[[ Stored data open ]]

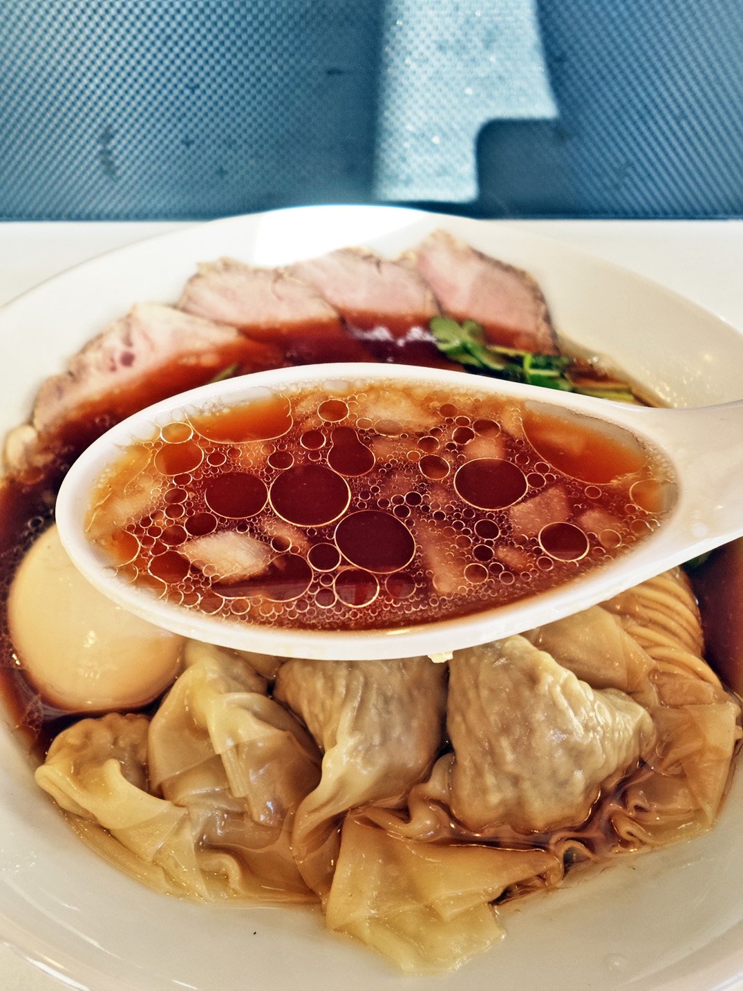 チャーシュー4枚、ワンタン4個、味玉、水菜、刻み玉ネギ。
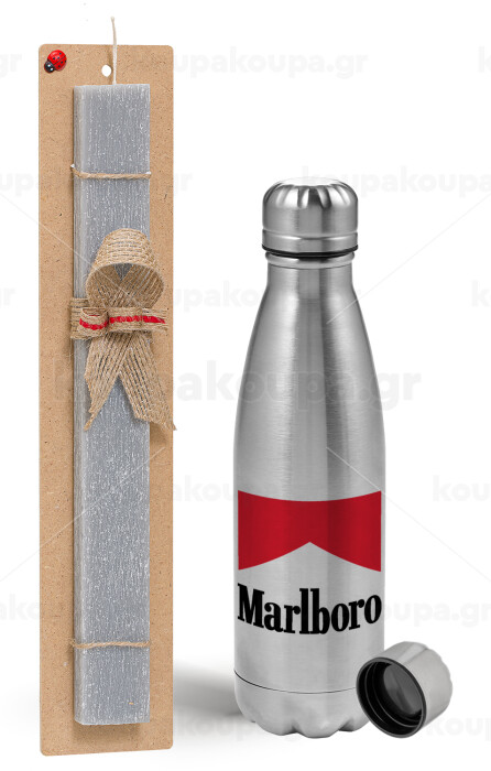 Marlboro, Πασχαλινή Λαμπάδα με μεταλλικό παγούρι Inox (750ml) & κερί αρωματικό πλακέ (30cm) (ΓΚΡΙ)
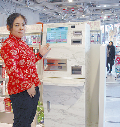 横浜中華街のインフォメーションセンター「China Town80」=中区山下町80=内に12月末、8種類の外貨に対応した両替機が設置された。
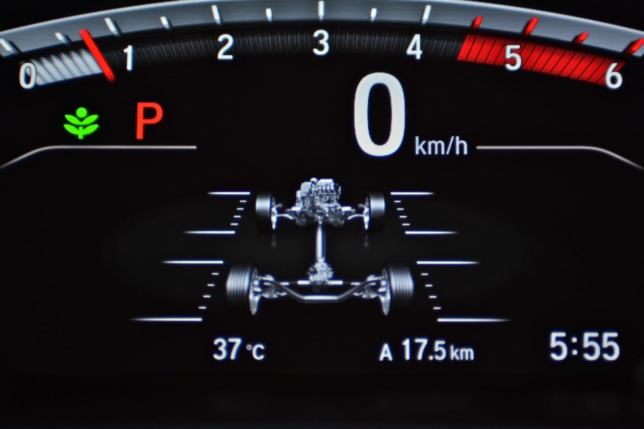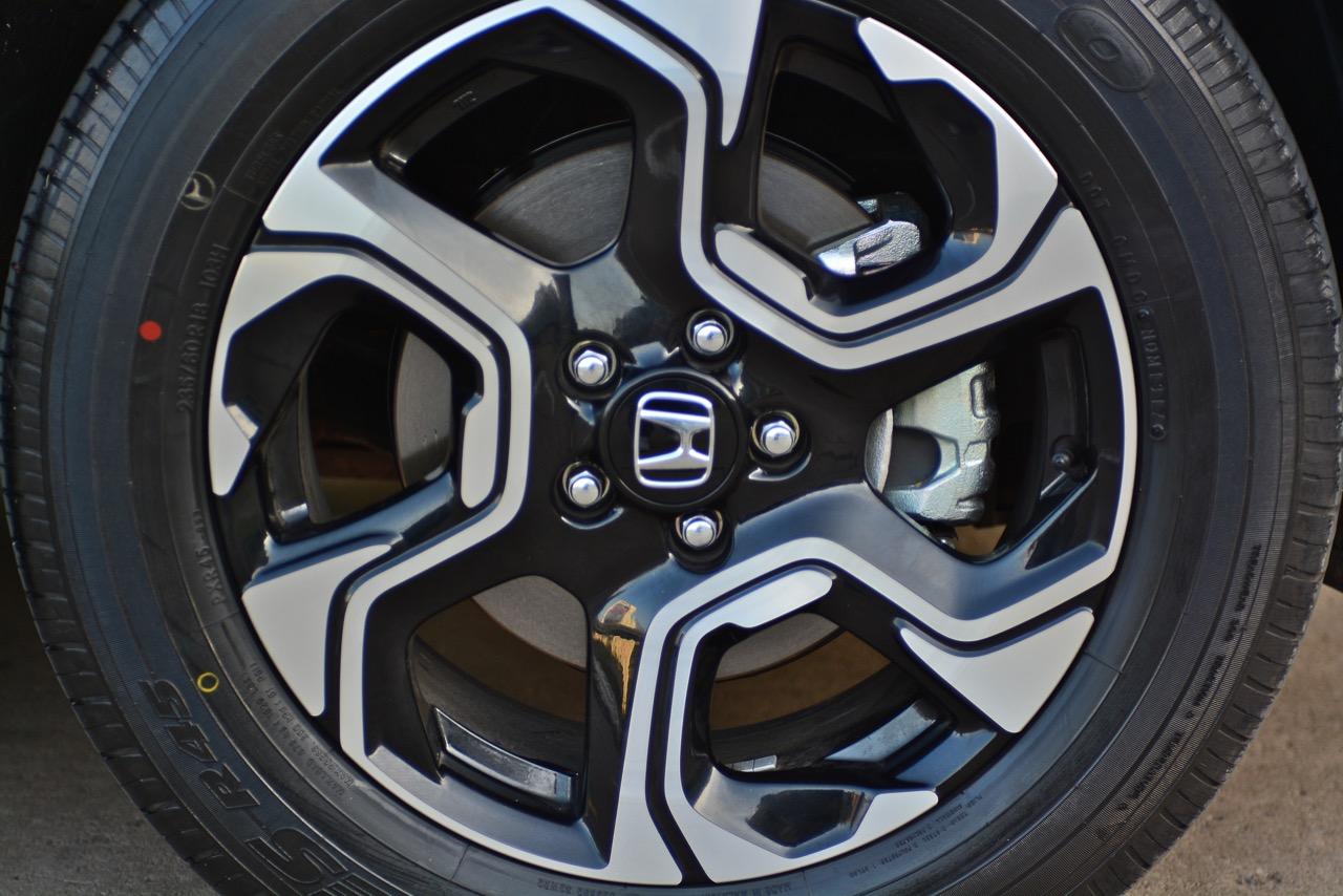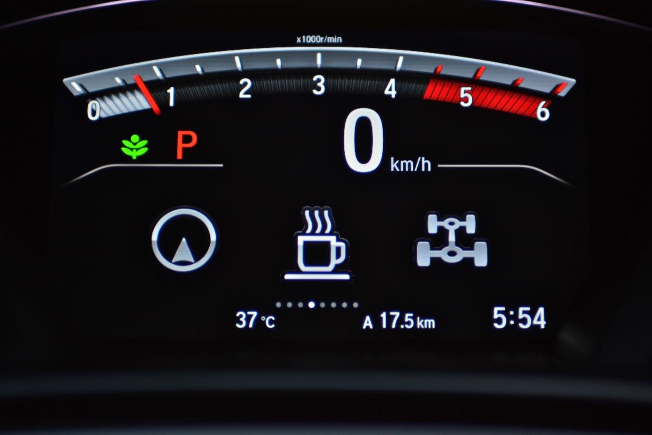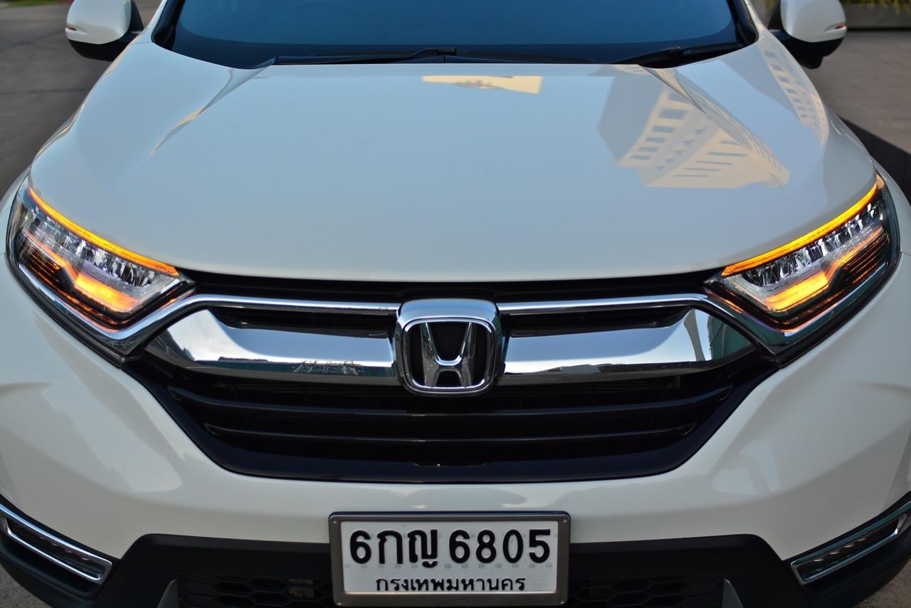 New CR-V คันที่ผมนำมาทดสอบรีวิวเป็นรุ่นท็อปสุด DT EL 4WD เครื่องยนต์ดีเซล 1.6 ลิตรเทอร์โบ ราคา 1,699,000 บาท เป็น CR-V เจนเนอเรชั่นที่ 5 ที่มาพร้อมกับความสดใหม่ของเรือนร่างโดยไม่มีชิ้นส่วนใดที่เกี่ยวข้องกับ CR-V เจน 4 แนวคิดในการพัฒนารถยนต์อเนกประสงค์แบบครอสโอเวอร์ไซส์กลางเริ่มจากความสะดวกสบายในการขับใช้งาน ความง่ายในการควบคุมและความสนุกหลังพวงมาลัย New CR-V มีมิติตัวถังที่ใกล้เคียงกับรุ่นที่แล้วแต่มีรูปแบบที่ทันสมัยขึ้น สัดส่วนความยาว 4,571 มิลลิเมตร กว้าง 1,855 มิลลิเมตร สูง 1,667 มิลลิเมตร ฐานล้อวัดจากดุมหน้าไปถึงดุมหลัง 2,662 มิลลิเมตร ระยะห่างล้อคู่หน้า 1,603 มิลลิเมตร ระยะห่างล้อคู่หลัง 1,613 มิลลิเมตร ความสูงจากพื้นถึงใต้ท้องน้อยกว่า PPV-SUV โดยมีระยะห่างจากพื้นถนนถึงใต้ท้องรถอยู่ที่ 208 มิลลิเมตร พอที่จะลุยน้ำท่วมสูง 30 เซนติเมตร แม้จะใช้เครื่องดีเซลตัวเล็กแค่ 1.6 ลิตร แต่ CR-V ใหม่รุ่นท็อปสุดนั้นยัดอุปกรณ์อำนวยความสะดวกเอาไว้บานเบอะ ทำให้น้ำหนักตัวพุ่งถึง 1,742 กิโลกรัม หนักเอาเรื่องอยู่เหมือนกันเมื่อเทียบกับรุ่นเบนซิน 2.4 ลิตรที่มีน้ำหนัก 1,613 กิโลกรัม

[[ Stored data closed ]]

What this calls for is the material above set down exactly, pictures excluded.

§ Answer
 チャーシュー4枚、ワンタン4個、味玉、水菜、刻み玉ネギ。
 Marlboro, Πασχαλινή Λαμπάδα με μεταλλικό παγούρι Inox (750ml) & κερί αρωματικό πλακέ (30cm) (ΓΚΡΙ)
 横浜中華街のインフォメーションセンター「China Town80」=中区山下町80=内に12月末、8種類の外貨に対応した両替機が設置された。
 New CR-V คันที่ผมนำมาทดสอบรีวิวเป็นรุ่นท็อปสุด DT EL 4WD เครื่องยนต์ดีเซล 1.6 ลิตรเทอร์โบ ราคา 1,699,000 บาท เป็น CR-V เจนเนอเรชั่นที่ 5 ที่มาพร้อมกับความสดใหม่ของเรือนร่างโดยไม่มีชิ้นส่วนใดที่เกี่ยวข้องกับ CR-V เจน 4 แนวคิดในการพัฒนารถยนต์อเนกประสงค์แบบครอสโอเวอร์ไซส์กลางเริ่มจากความสะดวกสบายในการขับใช้งาน ความง่ายในการควบคุมและความสนุกหลังพวงมาลัย New CR-V มีมิติตัวถังที่ใกล้เคียงกับรุ่นที่แล้วแต่มีรูปแบบที่ทันสมัยขึ้น สัดส่วนความยาว 4,571 มิลลิเมตร กว้าง 1,855 มิลลิเมตร สูง 1,667 มิลลิเมตร ฐานล้อวัดจากดุมหน้าไปถึงดุมหลัง 2,662 มิลลิเมตร ระยะห่างล้อคู่หน้า 1,603 มิลลิเมตร ระยะห่างล้อคู่หลัง 1,613 มิลลิเมตร ความสูงจากพื้นถึงใต้ท้องน้อยกว่า PPV-SUV โดยมีระยะห่างจากพื้นถนนถึงใต้ท้องรถอยู่ที่ 208 มิลลิเมตร พอที่จะลุยน้ำท่วมสูง 30 เซนติเมตร แม้จะใช้เครื่องดีเซลตัวเล็กแค่ 1.6 ลิตร แต่ CR-V ใหม่รุ่นท็อปสุดนั้นยัดอุปกรณ์อำนวยความสะดวกเอาไว้บานเบอะ ทำให้น้ำหนักตัวพุ่งถึง 1,742 กิโลกรัม หนักเอาเรื่องอยู่เหมือนกันเมื่อเทียบกับรุ่นเบนซิน 2.4 ลิตรที่มีน้ำหนัก 1,613 กิโลกรัม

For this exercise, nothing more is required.